Decisão: Após o voto do Ministro Ricardo Lewandowski (Presidente),
que resolvia a questão de ordem no sentido do encerramento do julgamento,
no que foi acompanhado pela Ministra Cármen Lúcia, pediu vista dos autos
o Ministro Roberto Barroso.

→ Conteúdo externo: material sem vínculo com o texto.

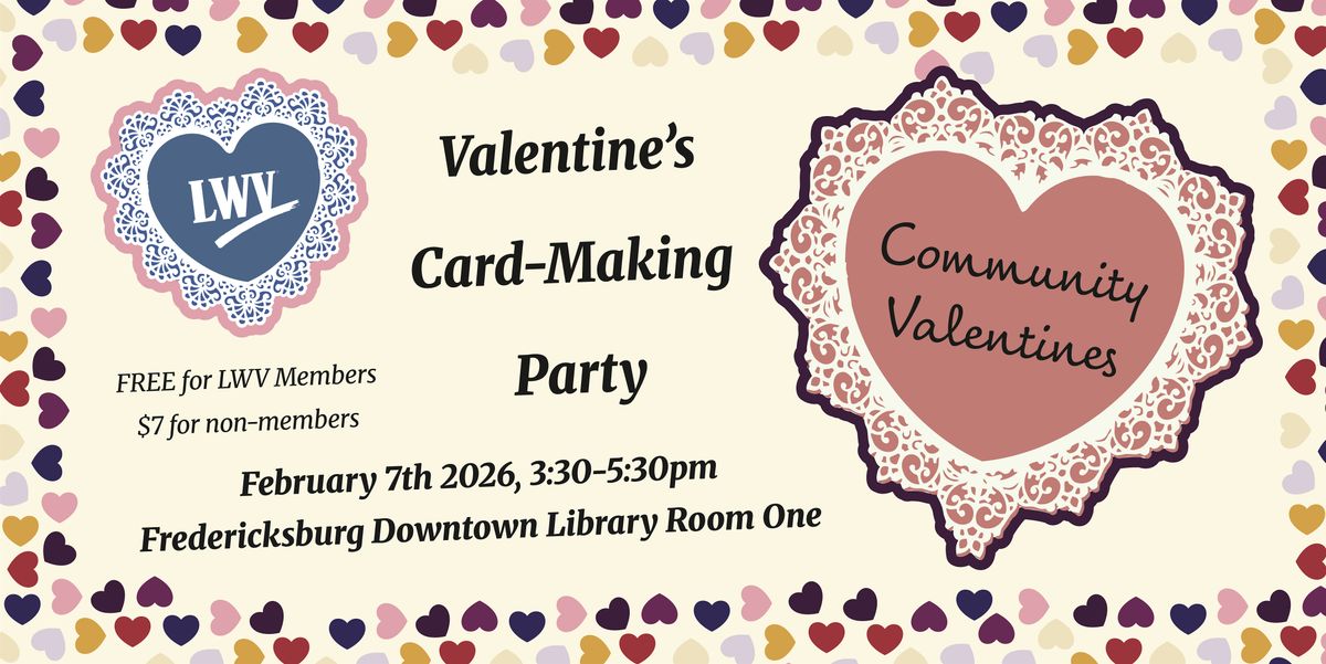 Join the League of Women Voters of the Fredericksburg Area for a relaxed, family-friendly Valentine’s card-making event. This is a low-stress, drop-in creative space where neighbors of all ages can make handmade cards, connect, and enjoy time together. All materials are provided and no experience is needed. Make a card for a friend or loved one—or we can help direct your card to a community member who would appreciate an extra greeting.

Plenário, 05.03.2015.
Decisão: O Tribunal, por maioria, resolveu a questão de ordem no
sentido de entender que o julgamento foi concluído na sessão do Plenário
do dia 26 de setembro de 2007, não havendo a possibilidade de reabertura
do julgamento após a proclamação do resultado, vencidos os Ministros
Gilmar Mendes, Menezes Direito e Teori Zavascki. Não votou o Ministro
Dias Toffoli, sucessor do Ministro Menezes Direito. Redigirá o acórdão o
Ministro Marco Aurélio. Ausentes, justificadamente, o Ministro Celso de
Mello e, participando do 3º Seminário luso-brasileiro de Direito, em
Portugal, o Ministro Gilmar Mendes. Presidiu o julgamento o Ministro
Ricardo Lewandowski. Plenário, 08.04.2015.
Presidência do Senhor Ministro Ricardo Lewandowski. Presentes à
sessão os Senhores Ministros Marco Aurélio, Cármen Lúcia, Dias Toffoli,
Luiz Fux, Rosa Weber, Teori Zavascki e Roberto Barroso.
Procurador-Geral da República, Dr. Rodrigo Janot Monteiro de Barros.